Немцы в расстегнутых френчах повсюду окапывались на опушке, шлепала выбрасываемая из окопов земля, раздавались незнакомые команды. Танки, тяжело лязгая гусеницами, пятясь, вползали в кусты, под тень деревьев; открывались башни, из люков машин, утомленно переговариваясь, вылезали танкисты, стягивали шлемы. Мимо — вдоль опушки — прошел тупоносый бронетранспортер, вдавливая листья в колеи. Солдаты в касках — у всех изможденные, небритые лица воскового оттенка — злобно или равнодушно смотрели на Овчинникова следящими глазами. Один, пожилой, с мясистым подбородком, до сизости набрякший багровостью, жадно сосавший сигарету, вдруг перегнулся через борт толстым телом, швырнул не докуренную сигарету в Овчинникова, крикнул ломаное
— Рус Еван, плен нихт! — и издал звук языком, точно кость ломал.
Мокрый окурок попал в щеку Овчинникова, но не обжег его. Он вздрогнул, вытер щеку, его затрясло от бессилия и унижения, он вскинул голову, затравленно озираясь. Жизнь его, имевшая ценность еще час назад, стоила теперь не дороже втоптанного в землю листа, Видел он, немцы отходили в лес, бой затихал, а он, в эти минуты единственный пленный, — не солдат, а офицер, — лейтенант Овчинников, которого они, вероятно, боялись, когда командовал он около орудий, сейчас шел здесь по чужому лесу, под этими чужими унижающими его или равнодушными взглядами, шел, утратив силу и ценность в глазах тех, кого он ненавидел…
— Куда идем?
Он приостановился, ссутулясь, покачнулся к немцу, упрямо нагнув шею. И тот, встретив глаза его, поднял белесые брови, произнес удивленно: «О!» Худощавое, мальчишески узкое книзу лицо его стало беспощадным, готовым на все. На голову выше Овчинникова, он шагнул к нему, с точной силой ткнул дулом автомата в щеку. Этим ударом поворачивая его голову, скомандовал ожесточенно:
— Vorwarts![4]
А он стоял, дрожа в бессилии, не двигаясь, не выплюнул, а трудно сглотнул наполнившую рот кровь, сипло выговорил:
— Если бы не рука, я б тебя, фрицевская сволочь, одним ударом сломал… если бы не рука… — и выругался страшным, диким ругательством.

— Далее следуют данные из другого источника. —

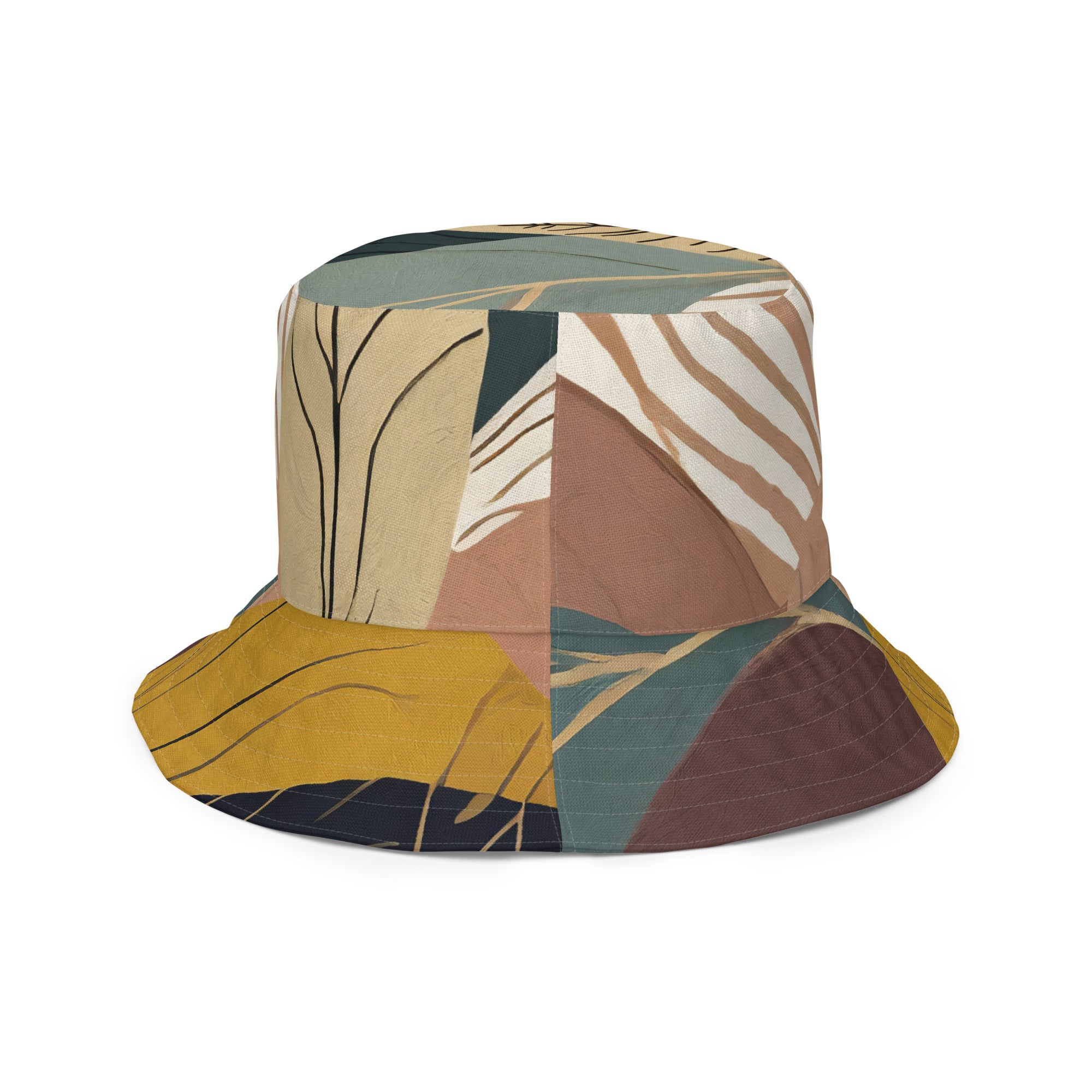 Reversible bucket hat featuring a boho style print, showcasing its dual-sided design and wide brim for sun protection.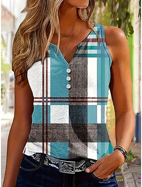 Femmes Débardeur Boutons Imprimé Graphique Géométrie ancien Élégant Occasionnel Sans manches Encolure en V Hauts Réguliers Occasionnel Quotidien Bleu Rouge Bleu Roi Violet Marron Été Printemps

— Was ist das[5] твою матку? — крикнул немец, выкатив молодые, в коровьих ресницах глаза, и, напрягая вену на бледной, с острым кадыком шее, звонко крикнул в лицо ему: — Vorwarts! — и озлобленно замахнулся автоматом.
— Что ж… пойдем, сволочь, — как-то согласно проговорил Овчинников и, спотыкаясь, зашагал быстрее по этой земле, по осенним листьям, к своему концу.
Его привели на поляну в глубине леса.